McGaw Medical Center of Northwestern University Chicago, IL
Q. S. Zhang1, J. Kang2, K. Lybarger3, M. Glenn4, P. A. Sponseller2, M. H. Blau2, and E. C. Ford2; 1Northwestern University Feinberg School of Medicine, Lurie Cancer Center, Department of Radiation Oncology, Chicago, IL, 2University of Washington School of Medicine, Fred Hutch Cancer Center, Department of Radiation Oncology, Seattle, WA, 3George Mason University, Fairfax, VA, 4The University of Texas MD Anderson Cancer Center, Department of Radiation Physics, Houston, TX
Purpose/Objective(s): Incident learning provides valuable narrative information about safety and quality, but is difficult to analyze due to the large volume of unstructured data. We present a semi-automated method to categorize safety-related event reports and validate this method in the Radiation Oncology context. Materials/
Methods: We employed natural language processing (NLP) and Bayesian statistical topic modeling to analyze English text from 7,174 safety-related event reports in a Radiation Oncology department, dated between February 2012 and April 2021. Word-like, space-delimited units of text called "tokens" were pre-processed and filtered for meaningful content, resulting in 4,216 tokens. We then considered only reports that contained at least one of the filtered tokens, resulting in 6,760 reports. We then fit a topic model with K=50 topics, estimating posterior probability distributions over tokens and proportions of each report that were about each of the 50 topics. The topic model allowed a report to be about multiple topics. To validate the model by assessing whether experts could agree on meaningful topic labels for these topics, five experts first independently assigned meaningful topic labels to topics by reading the top ten most probable tokens per topic along with tokens’ posterior probabilities (“top ten tokens” approach). Experts then performed a separate assessment by reading any reports that were estimated to be at least 90% about a topic (“case reports” approach). Consensus topic labels (CTLs) such as “Brachytherapy” or “Orders” were then assigned to topics through majority vote with each approach. Results: Of 50 topics from the model, 37 topics (74%) had expert agreement on the CTL assignment (>= 1 majority vote CTL), which provides evidence for the validity of the model.

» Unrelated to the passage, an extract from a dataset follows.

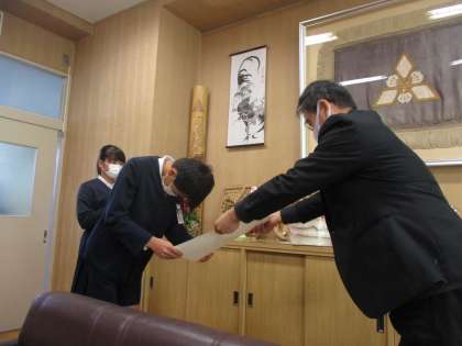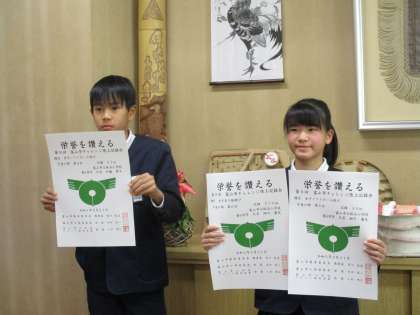 チャレンジ陸上で優秀な成績を修めた2人の受賞伝達を校長室で行いました。おめでとう!

There were 36 topics that had a majority vote CTL assigned to them via the top ten tokens approach. The case reports approach was applied to the 20 topics that the approach could be applied to, and of these topics, 18 topics had a CTL assigned via expert agreement. Conclusion: We have demonstrated an NLP/statistical modeling approach that provides a semi-automated method to categorize safety-related event reports in Radiation Oncology by topic, allowing a report to be about multiple topics. This approach offers an expedited alternative to a human reader reading large volumes of text reports.